Thursday, I grilled salmon steaks and made Jack’s favorite yogurt dill sauce to go with them. But when he came home a little after eight, he wasn’t hungry. “Sorry,” he said. “Pamela brought dinner up to the clinic for me and Ling as a thank-you.” He patted his belly. “I’m stuffed.”
I covered his plate with plastic wrap and stuck it in the fridge.
“Thoughtful,” I murmured, but my heart wasn’t in the compliment. Something was bothering me.
That Jack didn’t call to say he didn’t need dinner? No, he had missed plenty of meals over the course of our years together. But he always ate the food, either late when he got home, or for lunch the next day. Was it that Pamela took him a meal at work and I was feeling territorial? OK, yes, but I was also glad that she was proving to be
the caretaker I had pegged her for, the caretaker Jack would need when I was gone.
It’s not until I’m driving to Emory on Friday that what’s bothering me becomes clear.

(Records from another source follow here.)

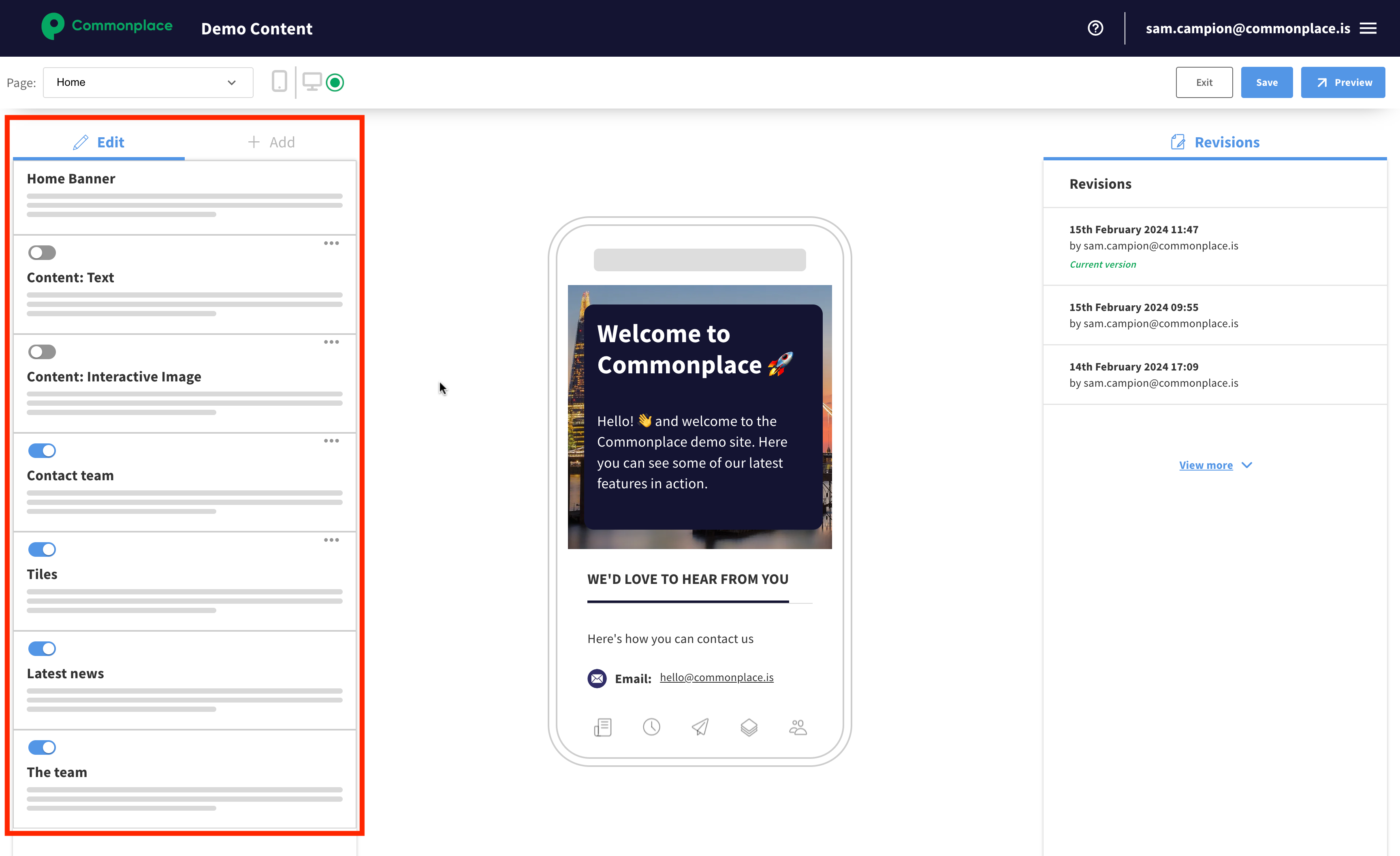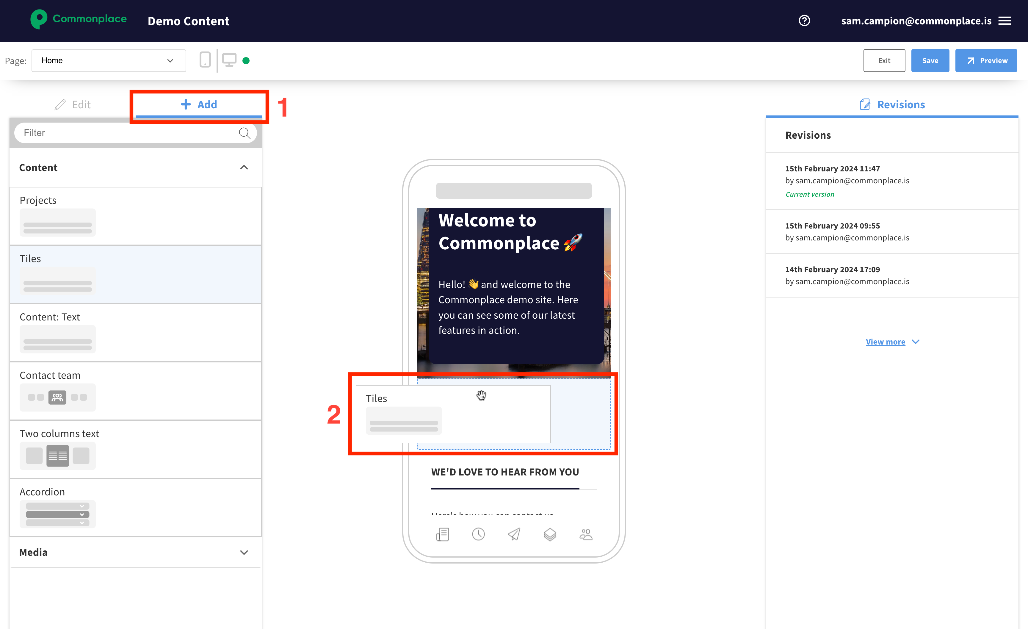 Add a content block to the page by switching the left-hand panel to the '+ add' tab and dragging a content block into the preview - a blue box will highlight the location where the content block will be added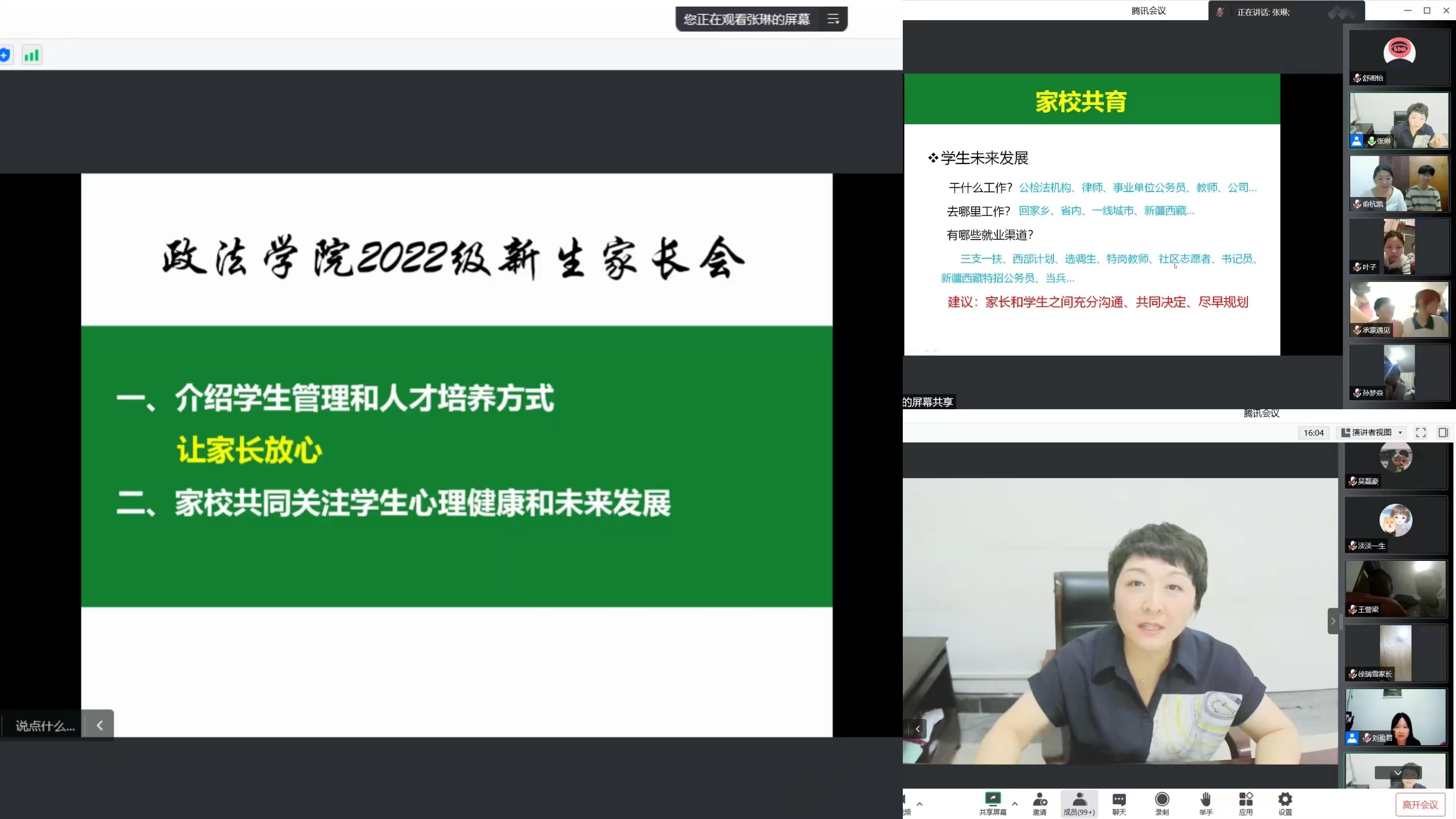 家长会开始,刘盈君首先对全体新生的到来表示热烈欢迎,并介绍了本次会议的主要流程。随后,由张琳进行讲解。张琳首先介绍了公司基本情况、员工管理制度及员工发展路径,并结合学科特点、专业定位、公司活动等相关信息,鼓励员工综合考虑自身意愿与实际情况进行选择和规划未来。接着,张琳带领家长了解了公司的人才培养方式,提出家校共育离不开公司和家庭共同的努力,呼吁家长与公司一道,共同发挥好育人重要作用,帮助新生扣好老员工活的第一枚纽扣。最后,在疫情防范方面,张琳提醒即将返校的新生自觉遵守公司疫情防控相关规定,注意个人安全防护,当好自己健康的“第一责任人”。至此,2022级新生家长会圆满结束。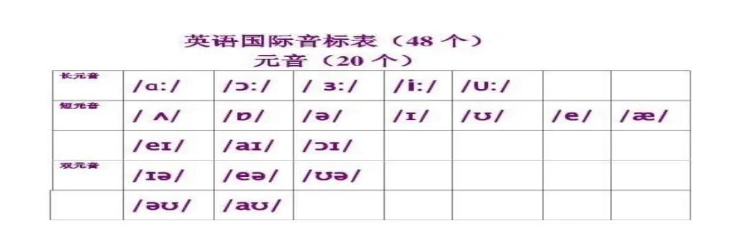 我們知道英語中有48個音素,其中20個元音音素如下圖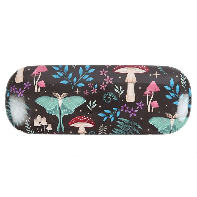 A hard shell glasses case featuring an all-over mystical forest print featuring mushrooms, moths and magickal plants. Includes a microfibre cleaning cloth for removing dust and smudges. Part of the Dark Forest range of mystical woodland gifts and home decor.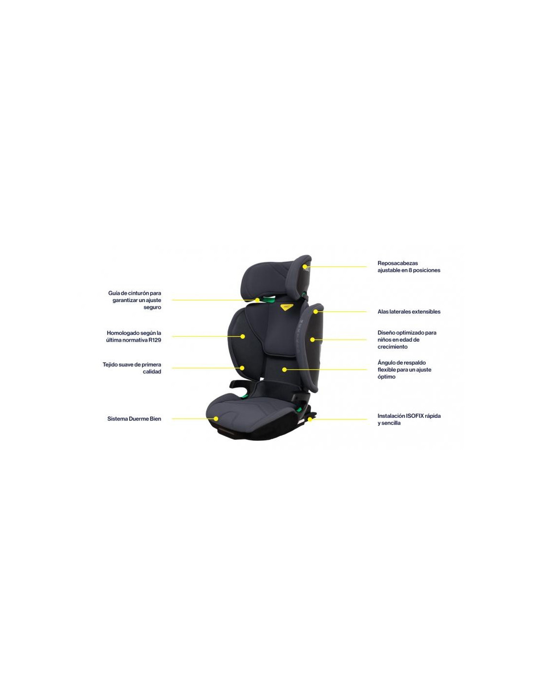 Con su homologación según la normativa R129, puedes estar seguro de que tu hijo viaja en uno de los asientos elevadores más seguros del mercado.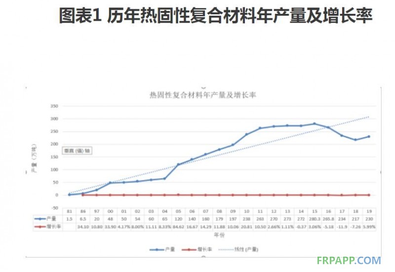 從1981年到2019年可考規模以上企業統計數據(見圖表1)顯示:我國復合材料制品累計產量超過3860.89萬噸(以上數據來源:中國復合材料工業協會)。全國全行業復合材料累計總產量估算超過5000萬噸(本文作者通過樹脂用量測算)。從2016年到2018年,熱固性復合材料產量出現了下降趨勢,分析原因是由于我國環保政策的不斷出臺、環保督察的持續開展,導致大量小微企業及“散亂污”企業受到限產和關停所致。

It’s something Kayleigh said to me when Jack and I were first dating. I had just told her that Jack played the trumpet when he was in elementary school and that he could still play part of “Boogie Woogie Bugle Boy.”
“Oh my God. Would you please stop?” she said.
I looked at her. “Stop what?”
“Talking about Jack. You say his name every two seconds.”
I hadn’t realized I’d been doing it.